» RAW DATA:
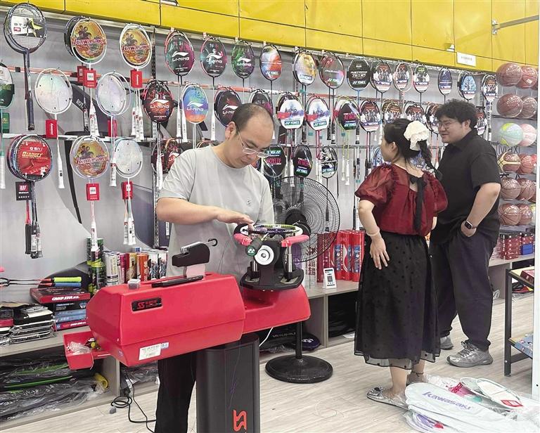 不僅如此,運(yùn)動(dòng)用品銷售也迎來(lái)小高峰。瑞德摩爾太平洋商場(chǎng)內(nèi)的健雄體育用品店內(nèi),老板正忙著給羽毛球空拍穿線。“我們不僅有現(xiàn)成的羽毛球拍,還可以根據(jù)客戶的需求給空拍穿線。”該店老板介紹,羽毛球拍網(wǎng)線價(jià)位30至100元不等,購(gòu)線還可免手工費(fèi)。羽毛球初學(xué)者一般都會(huì)買(mǎi)成品拍自己在家練習(xí),而一些技術(shù)較好的顧客除了會(huì)選擇品質(zhì)較好的空拍,還會(huì)現(xiàn)場(chǎng)選線拉網(wǎng)定制屬于自己的球拍。“暑假以來(lái),店內(nèi)羽毛球拍銷量大增,穿線需求也逐漸增多,周末從早忙到晚,每半小時(shí)穿一個(gè)球拍,最多一天穿24個(gè),排隊(duì)等候已成常態(tài)。”此外,不少運(yùn)動(dòng)品牌也順勢(shì)推出促銷活動(dòng),吸引消費(fèi)者選購(gòu)。
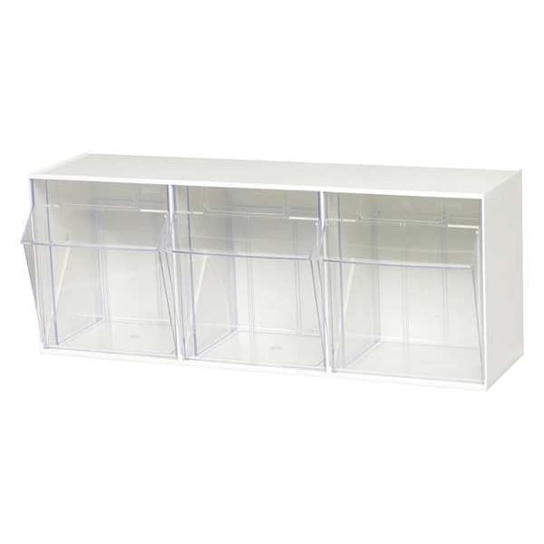 Tip-Out Bins, Frame Color White, Frame Finish Unfinished, Mounting Location Freestanding, Wall, Overall Height 9 1/2 in, Overall Length 7 3/4 in, Overall Width 23 5/8 in, Stackable Stacking Capable, Volume Capacity 0.66 cu ft, Weight Capacity 50 lb, Number of Tiers 1, Bin Color Clear, Bin Inside Depth 5 7/8 in, Bin Inside Height 8 5/8 in, Bin Inside Width 7 3/8 in, Divider Adjustment Increments Not Applicable, Includes Dividers Dividers Not Included, Material Plastic, Mobility Stationary
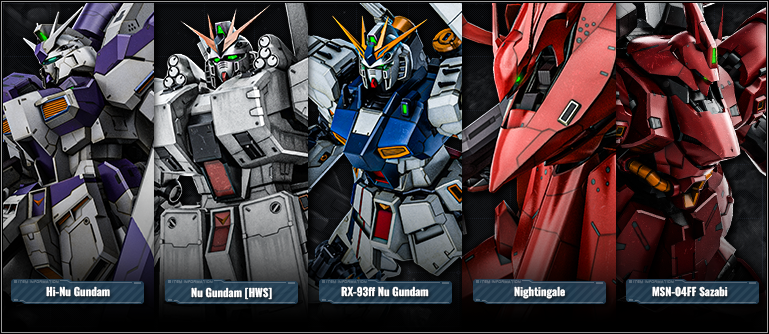 ・★★★★ Hi-Nu Gundam LV2 (General unit, ground/space uses, cost: 750) ・★★★★ Nu Gundam [HWS] LV2 (Support unit, ground/space uses, cost: 750) ・★★★★ RX-93ff Nu Gundam LV2 (Raid unit, ground/space uses, cost: 750) ・★★★★ Nightingale LV2 (Raid unit, ground/space uses, cost: 750) ・★★★★ MSN-04FF Sazabi LV2 (Support unit, ground/space uses, cost: 750) -
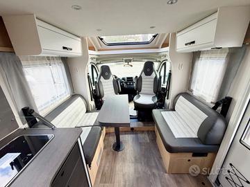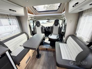 CITROEN JUMPER 3500 KG 2.2 140 CV, TAPPEZZERIE ADVENTURE, FINESTRA SUL CUPOLINO, FINESTRE CON CORNICI, 2° PORTELLONE GARAGE, FRIGO GRANDE 156 L, POSSIBILITA' TRASFORMAZIONE LETTI SINGOLI IN MATRIMONIALE, PACCHETTO BASE (BRIDGE LIGHT, PORTA INGRESSO COMFORT CON FINESTRA, PORTA CON ZANZARIERA, OBLO' PANORAMICO 70 X 50, OBLO' VETRO TRASPARENTE 400 X 400), PACCHETTO PARAURTI VERNICIATO (PARAURTI VERNICIATO NEL COLORE DEL VEICOLO, SKID PLATE NERO, FARI FENDINEBBIA) PACCHETTO CERCHI IN LEGA BICOLOR (VOLANTE E CAMBIO IN PELLE, BOCCHETTONE ARIA CON APPLICAZIONI CROMATE, CERCHI IN LEGA 16''), SERBATOIO GASOLIO 60L, CRUISE CONTROL, GARANZIA INFILTRAZIONI 7 ANNI, GRADINO ELETTRICO, CARICO GARAGE POSTERIORE FINO A 150 KG, ISOFIX PER DUE POSTI, LETTO BASCULANTE CON ELEMENTI CLIMA PLUX, PEDANA DOCCIA IN LEGNO, IMPIANTO SOLARE 100 W CON REGOLATORE MPPT, TRUMA COMBI 6 GAS

» WHAT THE TASK ASKS: Reproduce the material above in full and without alteration, but skip all pictures.

» ANSWER SPACE:
 不僅如此,運(yùn)動(dòng)用品銷售也迎來(lái)小高峰。瑞德摩爾太平洋商場(chǎng)內(nèi)的健雄體育用品店內(nèi),老板正忙著給羽毛球空拍穿線。“我們不僅有現(xiàn)成的羽毛球拍,還可以根據(jù)客戶的需求給空拍穿線。”該店老板介紹,羽毛球拍網(wǎng)線價(jià)位30至100元不等,購(gòu)線還可免手工費(fèi)。羽毛球初學(xué)者一般都會(huì)買(mǎi)成品拍自己在家練習(xí),而一些技術(shù)較好的顧客除了會(huì)選擇品質(zhì)較好的空拍,還會(huì)現(xiàn)場(chǎng)選線拉網(wǎng)定制屬于自己的球拍。“暑假以來(lái),店內(nèi)羽毛球拍銷量大增,穿線需求也逐漸增多,周末從早忙到晚,每半小時(shí)穿一個(gè)球拍,最多一天穿24個(gè),排隊(duì)等候已成常態(tài)。”此外,不少運(yùn)動(dòng)品牌也順勢(shì)推出促銷活動(dòng),吸引消費(fèi)者選購(gòu)。
 Tip-Out Bins, Frame Color White, Frame Finish Unfinished, Mounting Location Freestanding, Wall, Overall Height 9 1/2 in, Overall Length 7 3/4 in, Overall Width 23 5/8 in, Stackable Stacking Capable, Volume Capacity 0.66 cu ft, Weight Capacity 50 lb, Number of Tiers 1, Bin Color Clear, Bin Inside Depth 5 7/8 in, Bin Inside Height 8 5/8 in, Bin Inside Width 7 3/8 in, Divider Adjustment Increments Not Applicable, Includes Dividers Dividers Not Included, Material Plastic, Mobility Stationary
 ・★★★★ Hi-Nu Gundam LV2 (General unit, ground/space uses, cost: 750) ・★★★★ Nu Gundam [HWS] LV2 (Support unit, ground/space uses, cost: 750) ・★★★★ RX-93ff Nu Gundam LV2 (Raid unit, ground/space uses, cost: 750) ・★★★★ Nightingale LV2 (Raid unit, ground/space uses, cost: 750) ・★★★★ MSN-04FF Sazabi LV2 (Support unit, ground/space uses, cost: 750) -
 CITROEN JUMPER 3500 KG 2.2 140 CV, TAPPEZZERIE ADVENTURE, FINESTRA SUL CUPOLINO, FINESTRE CON CORNICI, 2° PORTELLONE GARAGE, FRIGO GRANDE 156 L, POSSIBILITA' TRASFORMAZIONE LETTI SINGOLI IN MATRIMONIALE, PACCHETTO BASE (BRIDGE LIGHT, PORTA INGRESSO COMFORT CON FINESTRA, PORTA CON ZANZARIERA, OBLO' PANORAMICO 70 X 50, OBLO' VETRO TRASPARENTE 400 X 400), PACCHETTO PARAURTI VERNICIATO (PARAURTI VERNICIATO NEL COLORE DEL VEICOLO, SKID PLATE NERO, FARI FENDINEBBIA) PACCHETTO CERCHI IN LEGA BICOLOR (VOLANTE E CAMBIO IN PELLE, BOCCHETTONE ARIA CON APPLICAZIONI CROMATE, CERCHI IN LEGA 16''), SERBATOIO GASOLIO 60L, CRUISE CONTROL, GARANZIA INFILTRAZIONI 7 ANNI, GRADINO ELETTRICO, CARICO GARAGE POSTERIORE FINO A 150 KG, ISOFIX PER DUE POSTI, LETTO BASCULANTE CON ELEMENTI CLIMA PLUX, PEDANA DOCCIA IN LEGNO, IMPIANTO SOLARE 100 W CON REGOLATORE MPPT, TRUMA COMBI 6 GAS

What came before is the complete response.